Questions About COVID-19 Impacts, L&D and Reskilling
Add bookmarkIf you’re in HR, you know that your team is playing a role of heightened importance right now. As people look to HR for help and to be the bridge between newly remote teams and leadership, there has been no shortage of new challenges for the HR department to overcome.
Attend one of our webinars or online events, and you’ll see this come to life in the questions that are asked of our speakers. In this crisis, HR is on the front lines, dealing with everything from layoffs, to compensation adjustments, huge cultural shifts and of course, employee safety challenges.
Through the work we do here at HR Exchange, we spend a lot of time interviewing and chatting with HR leaders around the world. Not all of what they provide us makes it into our content on a daily basis, but it does inform how we talk about the topics we cover.
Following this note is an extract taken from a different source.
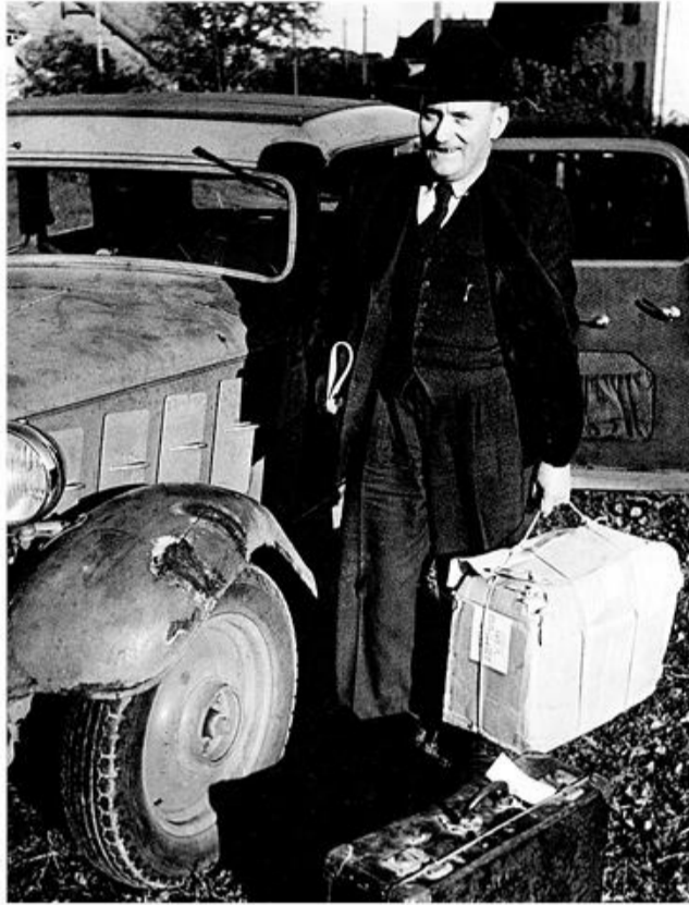
Bogbilerne var særligt vigtige i mellemkrigstiden for at udbrede dansk sprog, kultur og historie til mindretalsdanskere uden for Flensborg.
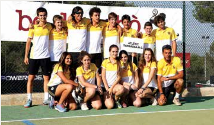
ATLÈTIC TERRASSA HOCKEY CLUB

In the interest of sharing the knowledge and insights we’ve gained, here are excerpts from recent interviews we’ve done with leaders from within HR, L&D and talent development recently that didn’t make into the stories we were working on at a given time, but still offer great insights and advice from people who know the challenges you’re facing.
HREN: COVID-19 is forcing a lot of transformation to happen quickly and one of the bigger talking points has been the shift to remote work. What do you think has been the most challenging part of that shift for those in supervisory roles?
“The quick move to WFH offices has showed the real strengths and weaknesses of mid-level managers. Those who ‘managed by walking around’ instead of properly setting goals and accountability and/or by micro-managing key tasks instead of properly delegating are struggling right now in this virtual world. They have lost control and do not know how to get it back. Thankfully, this is a small percentage leaders at this point in time.
“Similarly, those who had not already figured out how to set work-life boundaries moved into a shocking new reality. It is difficult for them to manage themselves let alone others.
“We are now coaching, teaching, and leading managers on how to lead in a virtual world that will more than likely stay with us for years to come in both full time and part time scenarios based upon job requirements and employee preferences.” - Larry Brand, CHRO Elkay Manufacturing
HREN: Obviously reskilling has become a big topic. There is a desire to tap into and uncover skills that people may not even realize they have. What advice do you have for HR folks looking to help people find new pathways forward right now?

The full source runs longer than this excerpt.